Properly understood, a country maintaining a massive current account surplus effectively gives large loans to other countries on an entirely voluntary basis.
The clearest indication how clueless most Germans are on this is that they are so proud of the trade surplus. They basically see it as a sign of their virility.
What’s a better approach?
Given that maintaining such a gargantuan surplus is certainly not in the Germans’ own interest, how best to reduce it?
The German government demands from other states with good reason that they bring their domestic house in order (by not borrowing so much). But that shoe is also on the other foot, so to speak. Germany, by “virtue” of its trade surplus, lends too much.
What are the domestic reforms needed in the German economy?
In the period before monetary union, the answer was simple. If a country had current account surpluses, its currency appreciated. Exports declined (now costlier) and imports (now less costly) rose.
In a monetary union with a fixed exchange rate, achieving that adjustment process is more difficult. Some recommend that wages in Germany should rise more. However, this would deteriorate competitiveness.
This is not a reasonable solution. One should not try to solve a collective problem by having the better performer adapt to the standards of the lesser one.

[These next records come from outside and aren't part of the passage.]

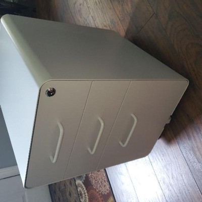 Upgrade and customize your desk with this file drawer. Get a professional storage solution, even if you don't have built-in cabinets and drawers. It is perfect for sit-stand desks, computer workstations, and open office setups. This drawer features a rounded corner design and construction, so it is stable and durable, with no flimsy sides, unstable corners, or sharp edges that plague older basic drawers. It is made of powder-coated steel for a robust construction and a durable finish. Casters make it easy to move and reposition the drawer, without removing the contents. The bottom drawer fits files and folders, while the two spacious upper drawers are perfect for items that need to be within easy reach. An organizer tray is included to help with small objects. All drawers are lockable for security. The drawers sit on quality drawer glides for smooth and quiet operation.
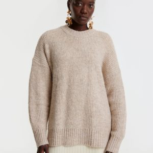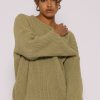 Oversize LONG Strickpullover mit Stehkragen FLAUSCHI Beige
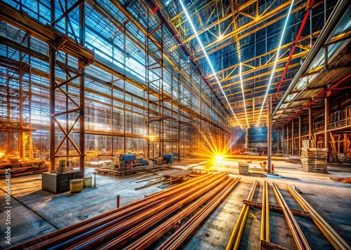 Captivating Long Exposure of a Construction Site Interior Under Construction, Showcasing Dynamic Lighting and Active Machinery in a Modern Building Development
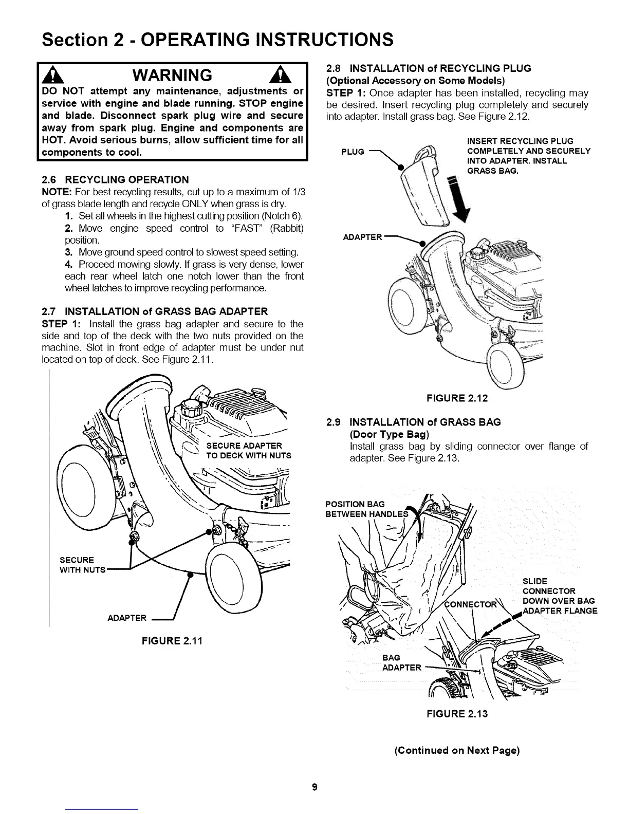2.7 INSTALLATION of GRASS BAG ADAPTER
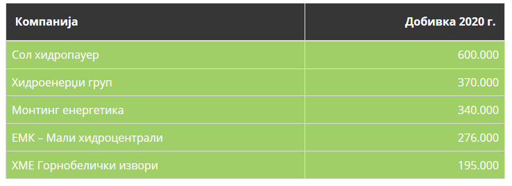 Така на врвот на табелата е компанијата „Сол хидропауер ДООЕЛ “ од Скопје која чиј основач е „Соул спа“ од Италија, а кои имаат пет хидроелектрани. Податоците покажаа дека оваа компанија минатата година имала приход од 2 милиони евра, и дека тој е речиси 34 проценти поголем отколку во 2019 година. Неговата добивка е над 600.000 евра (248 проценти поголема отколку во 2019 година) и тоа е најголемата добивка што некоја компанија ја остварила во бизнисот со мали хидроцентрали.
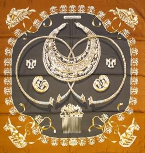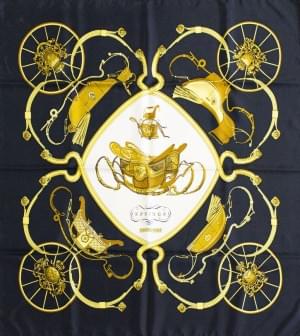 3020. Hermès, "Springs", foulard à décor d'attelage doré sur fond noir...
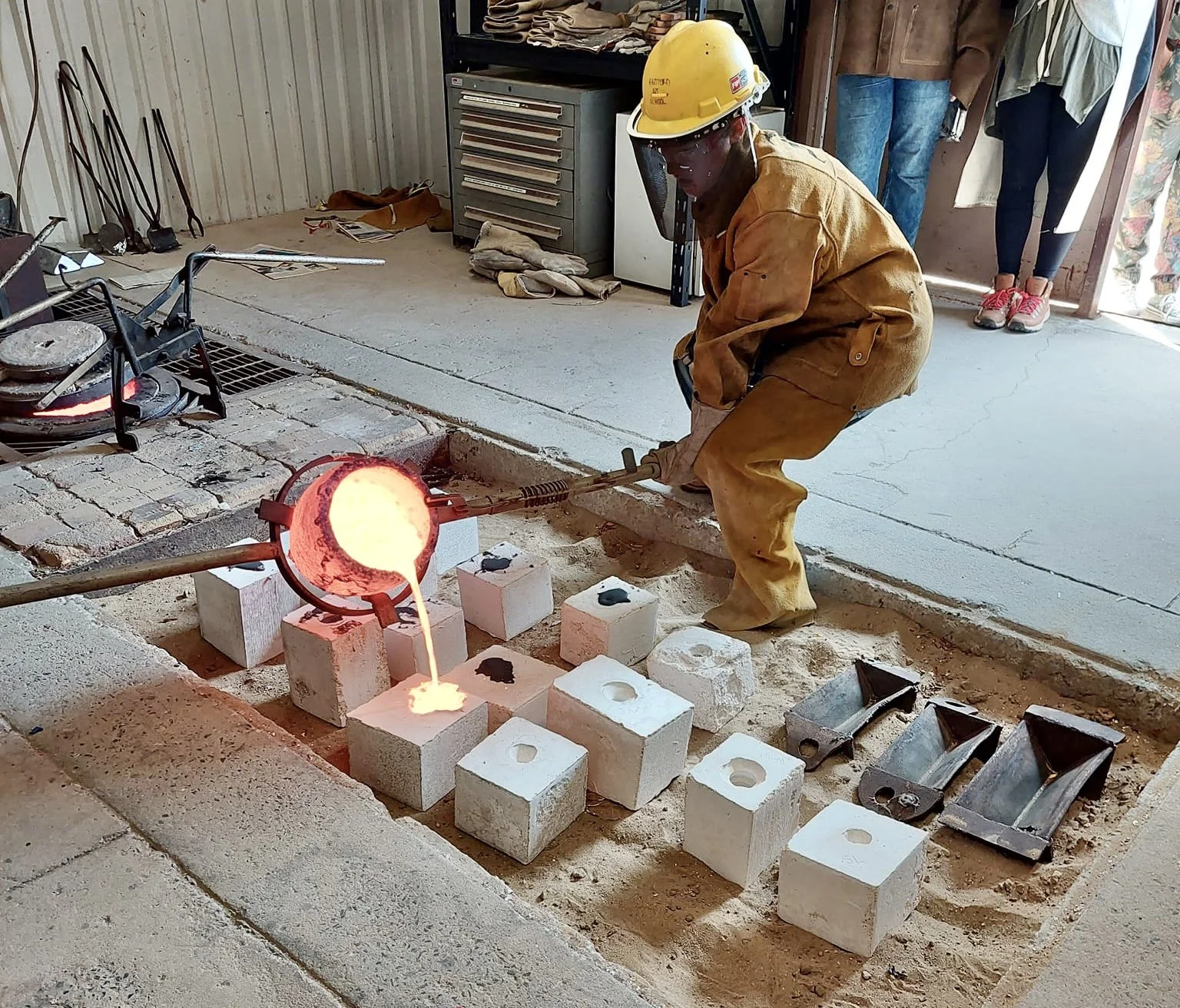 Holt and another teacher, both clad in protective leather gear and face shields, had melted the bronze in a furnace set in the floor, before quickly pouring the glowing, bright orange liquified metal into molds waiting a few feet away in a sand pit.

If the exports are expected to expand more slowly, and the ultimate aim is for domestic demand in Germany to increase, then domestic investment must be increased. That way, firms can busy themselves in the domestic economy, reducing their international exposure.
Need for public investment
This makes perfect sense. Private business investment in Germany has been too low for years. And public investment needs to be expanded in any case. Germany badly needs better roads, bridges, railways and the like. It also needs more spending on education and research, not least for security.
There is no lack of money. Germany had a surplus in in its public households of 30 billion € (= 1% of GDP) in the last two years.
This budget surplus exists despite all the money the German government pays for the nearly one million refugees that came into the country last year. It simply makes no sense to tax people more than is needed for public expenditures.
Furthermore, an expansion of private consumption would be useful. Currently, there still are many unnecessary impediments in place.
One could, for example, reduce the level of taxation in order to stimulate domestic demand and expand store opening hours on weekends. Who in Germany has not already thought on a rainy Sunday about how useful it would be to use the time to go shopping?
In all likelihood, the required change process to deal with Germany’s humongous current account surplus won’t be launched quickly enough. It is already overdue. Trouble lies ahead within the European monetary union and at the international level.
This creates nervousness and uncertainty in the markets, as volatility rises.